* Task statement *
Pictures in the data must not be copied, but everything else should be output exactly.

* Excerpted data *
··········

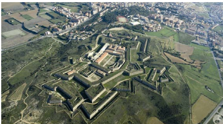
Vista general del Castell de Sant Ferran a Figueres.
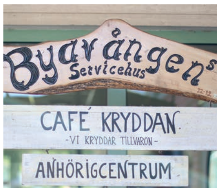
Café Kryddan ligger på Byavången i centrala Tomelilla.

I det ordinarie programmet finns bland annat bingo och caféverksamhet. Första bingotillfället blir den 30 augusti. Café Kryddan håller sommarstängt 4 juli–29 juli.
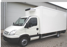
Koelvries carrosserie met laadklep, zijdeur en verplaatsbaar tussenschot voor van Hekken koeriers.
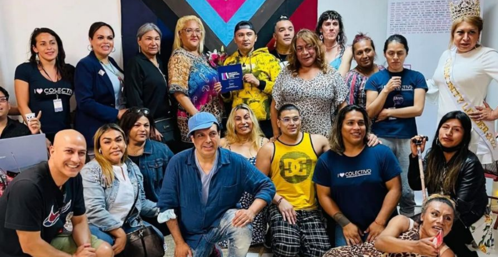
Fundadoras y miembros del CITG

Desde la persecución policíaca, hasta el abandono estatal y crímenes de odio, la comunidad latinex sufre discriminación en base al desconocimiento o dificultades con el idioma extranjero, dificultando la socialización de las mismas. Frente a éstas y otras problemáticas el CITG funda la biblioteca, la cual posee tanto libros en inglés, como libros en español (siendo estos últimos los predominantes). Esto se debe a que se busca que las personas latinex puedan ver en los libros otras formas de visibilidad del colectivo, más allá de los futuros vaticinados donde la muerte violenta se hace presente. Lleva el nombre de Belén Correa en un forma de reconocimiento en vida a la activista travesti argentina homónima, cofundadora de la Asociación Trans Travesti Transgénero Argentina (A.T.T.T.A) y creadora del Archivo de la Memoria Trans de Argentina.
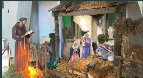
Convento Cuore Immacolato di Maria - Avellino
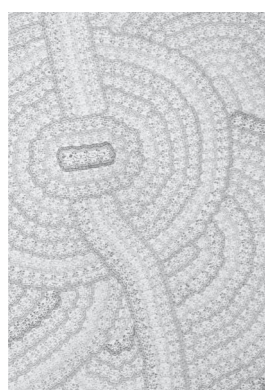
西脇直毅「無題」2016年

しかし、接近すると、その作品は緻密な猫や網目といった限定的なモチーフの反復によって表現されていることがわかります。
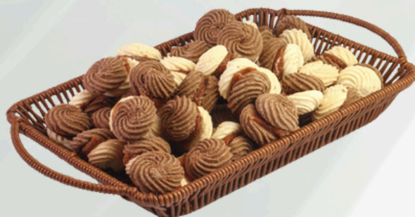
Choconata 2Kg Cód.: 76333
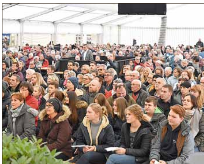
Bis auf den letzten Platz war das Zelt beim ökumenischen Festgottesdienst gefüllt.
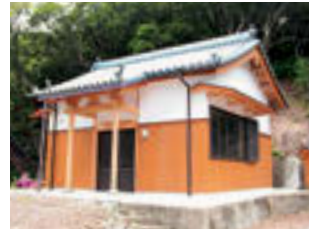
上から：Map ⑤ 印定寺 Map ⑥ 東光寺 Map ⑦ 畑峰(コンニャク)地藏

様、観音様を祀る小さな祠も各所に 見られ、素朴な民間信仰が今も息づ いていることに胸が打たれます。
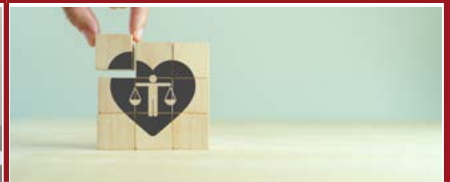
Mention Droit social
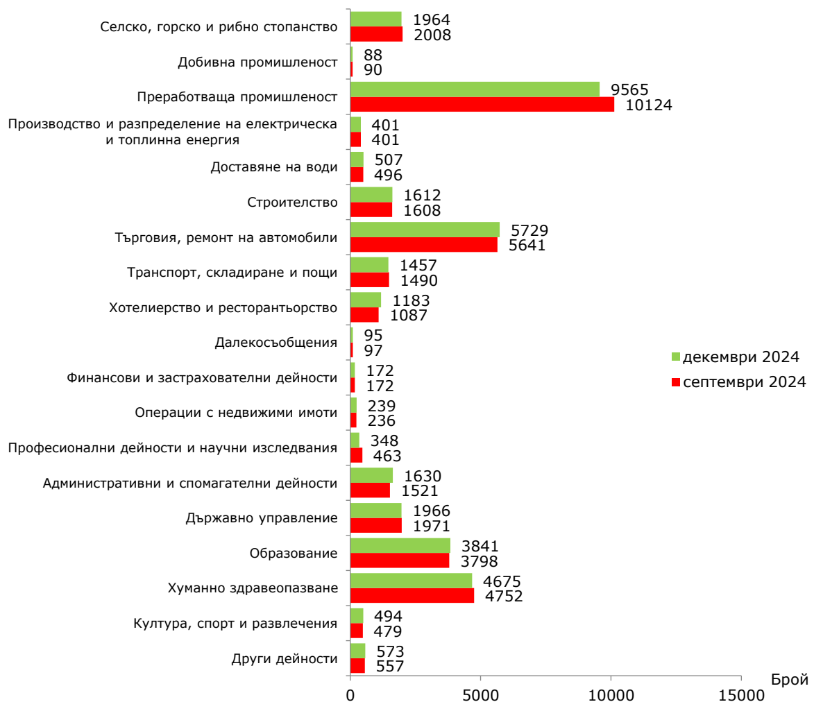
Фиг. 1. Наети лица по трудово и служебно правоотношение в област Сливен към края на септември и декември 2024 година

По предварителни данни на Националния статистически институт броят на наетите лица по трудово и служебно правоотношение в област Сливен към края на декември 2024 г. намалява с 0.5 хил., или с 1.2%, спрямо края на септември 2024 г., като достига 36.5 хиляди (фиг. 1).
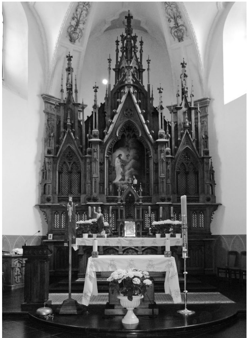
Lublin, Kościół Rektoralny pw. Wniebowzięcia Najświętszej Maryi Panny Zwycięskiej, neogotycka nastawa 1901, fot. 2017

··········

* Your response *
Vista general del Castell de Sant Ferran a Figueres.
Café Kryddan ligger på Byavången i centrala Tomelilla.

I det ordinarie programmet finns bland annat bingo och caféverksamhet. Första bingotillfället blir den 30 augusti. Café Kryddan håller sommarstängt 4 juli–29 juli.
Koelvries carrosserie met laadklep, zijdeur en verplaatsbaar tussenschot voor van Hekken koeriers.
Fundadoras y miembros del CITG

Desde la persecución policíaca, hasta el abandono estatal y crímenes de odio, la comunidad latinex sufre discriminación en base al desconocimiento o dificultades con el idioma extranjero, dificultando la socialización de las mismas. Frente a éstas y otras problemáticas el CITG funda la biblioteca, la cual posee tanto libros en inglés, como libros en español (siendo estos últimos los predominantes). Esto se debe a que se busca que las personas latinex puedan ver en los libros otras formas de visibilidad del colectivo, más allá de los futuros vaticinados donde la muerte violenta se hace presente. Lleva el nombre de Belén Correa en un forma de reconocimiento en vida a la activista travesti argentina homónima, cofundadora de la Asociación Trans Travesti Transgénero Argentina (A.T.T.T.A) y creadora del Archivo de la Memoria Trans de Argentina.
Convento Cuore Immacolato di Maria - Avellino
西脇直毅「無題」2016年

しかし、接近すると、その作品は緻密な猫や網目といった限定的なモチーフの反復によって表現されていることがわかります。
Choconata 2Kg Cód.: 76333
Bis auf den letzten Platz war das Zelt beim ökumenischen Festgottesdienst gefüllt.
上から：Map ⑤ 印定寺 Map ⑥ 東光寺 Map ⑦ 畑峰(コンニャク)地藏

様、観音様を祀る小さな祠も各所に 見られ、素朴な民間信仰が今も息づ いていることに胸が打たれます。
Mention Droit social
Фиг. 1. Наети лица по трудово и служебно правоотношение в област Сливен към края на септември и декември 2024 година

По предварителни данни на Националния статистически институт броят на наетите лица по трудово и служебно правоотношение в област Сливен към края на декември 2024 г. намалява с 0.5 хил., или с 1.2%, спрямо края на септември 2024 г., като достига 36.5 хиляди (фиг. 1).
Lublin, Kościół Rektoralny pw. Wniebowzięcia Najświętszej Maryi Panny Zwycięskiej, neogotycka nastawa 1901, fot. 2017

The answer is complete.